A comida afeta o emocional de diversas formas, para o bem e para o mal. É possível comer e se sentir culpado, como também (re)viver momentos felizes, de prazer, uma experiência inesquecível


postado em 16/06/2019 04:04

De preferência, o comfort food não precisaria ser nomeado nem criado como uma peça de mercado, mas algo que faz parte do convívio social e familiar, que nos leva à cozinha, traz boas lembranças e promove bons encontros(foto: Euler Júnior/EM/D.A Press %u2013 21/3/16 )
De preferência, o comfort food não precisaria ser nomeado nem criado como uma peça de mercado, mas algo que faz parte do convívio social e familiar, que nos leva à cozinha, traz boas lembranças e promove bons encontros (foto: Euler Júnior/EM/D.A Press %u2013 21/3/16 )

 

 




Qual a importância em ter uma boa relação com a comida?
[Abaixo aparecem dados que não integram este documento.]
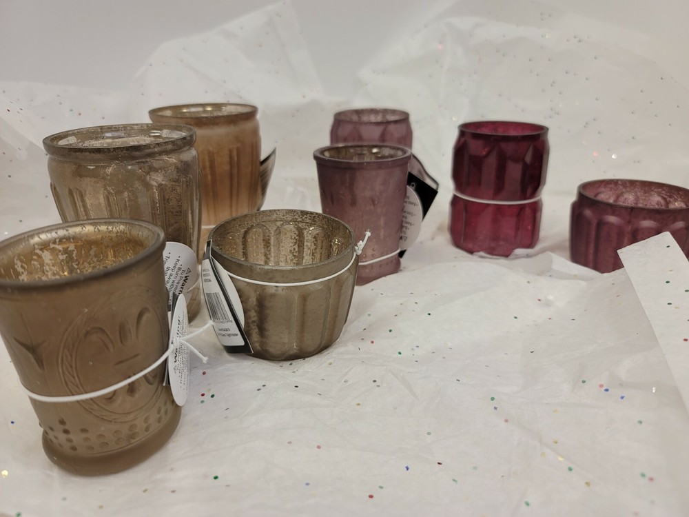 Set of creative co-op votive candles.in purple and gold. This set is actually in an open box but the box wouldn't fit in priority. So i ams selling as new without box.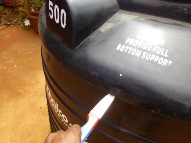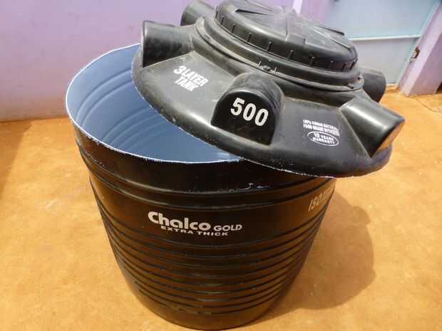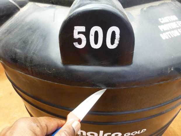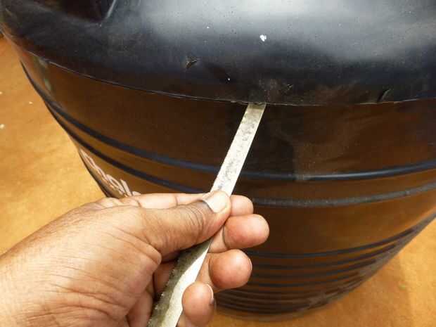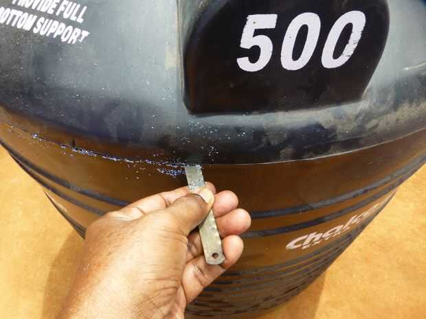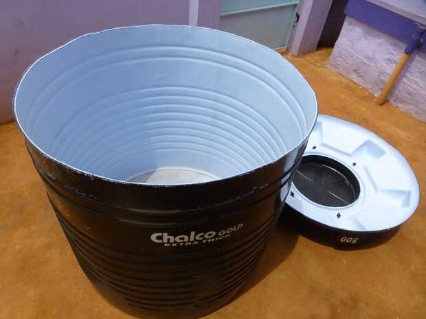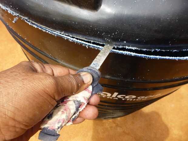 El tanque de 500 litros la capacidad es necesario para cortar en la parte superior. La cresta superior visible se utilizará como línea de guía para cortar el tanque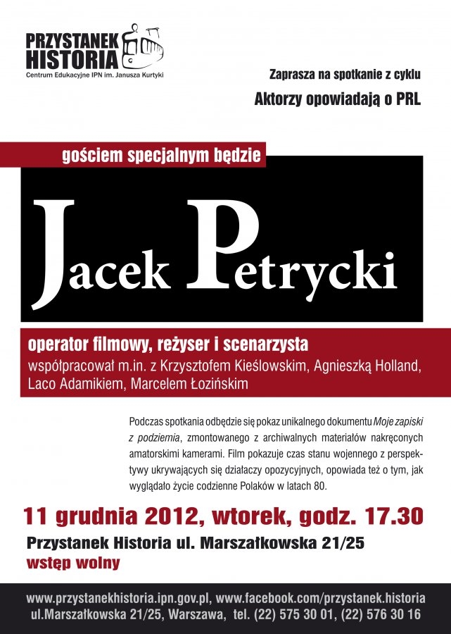 Z cyklu „Aktorzy opowiadają o PRL” spotkanie z Jackiem Petryckim – Warszawa, 11 grudnia 2012, „Przystanek Historia” – Centrum Edukacyjne IPN im. Janusza Kurtyki, Marszałkowska 21/25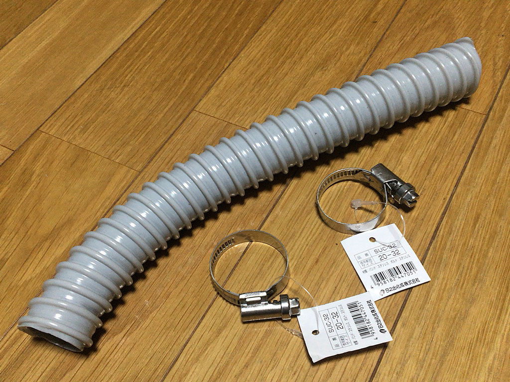 そんなこんなでせっかくのお休みなので、何か建設的に過ごそうと思ってですね、Molletで京葉スピードランドとか走りに行っちゃおうかな…とかチラッと思ったのだけど、肋骨が折れてる疑惑の今はロキソニンとボルタレンのコンボでもさすがにサーキットは厳しいかな…っつぅんで、代わりにちょっと工作でもすっかな…と、ホースとそれを留めるバンドを買ってきた。

O psiquiatra Adriano Simões Coelho afirma que é fundamental porque ela é ancestral, uma relação da qual não podemos fugir e que a cada dia está mais cercada de mitos e medos. “Durante séculos, a humanidade começava o dia pensando o que conseguiria para comer e se teria comida disponível. Hoje, boa parte da população mundial acorda pensando no que deve evitar comer ou o que supõe que não deveria comer. Em determinada fase, principalmente em famílias que tinham disponibilidade de alimentos e viviam ao redor de um núcleo familiar, reuniam-se ao redor da mesa para compartilhar suas vidas, o cotidiano e outras questões. Os alimentos faziam parte daquele processo de comunhão, o tempo que as pessoas usavam para se nutrir era também o tempo em que a família se reunia.”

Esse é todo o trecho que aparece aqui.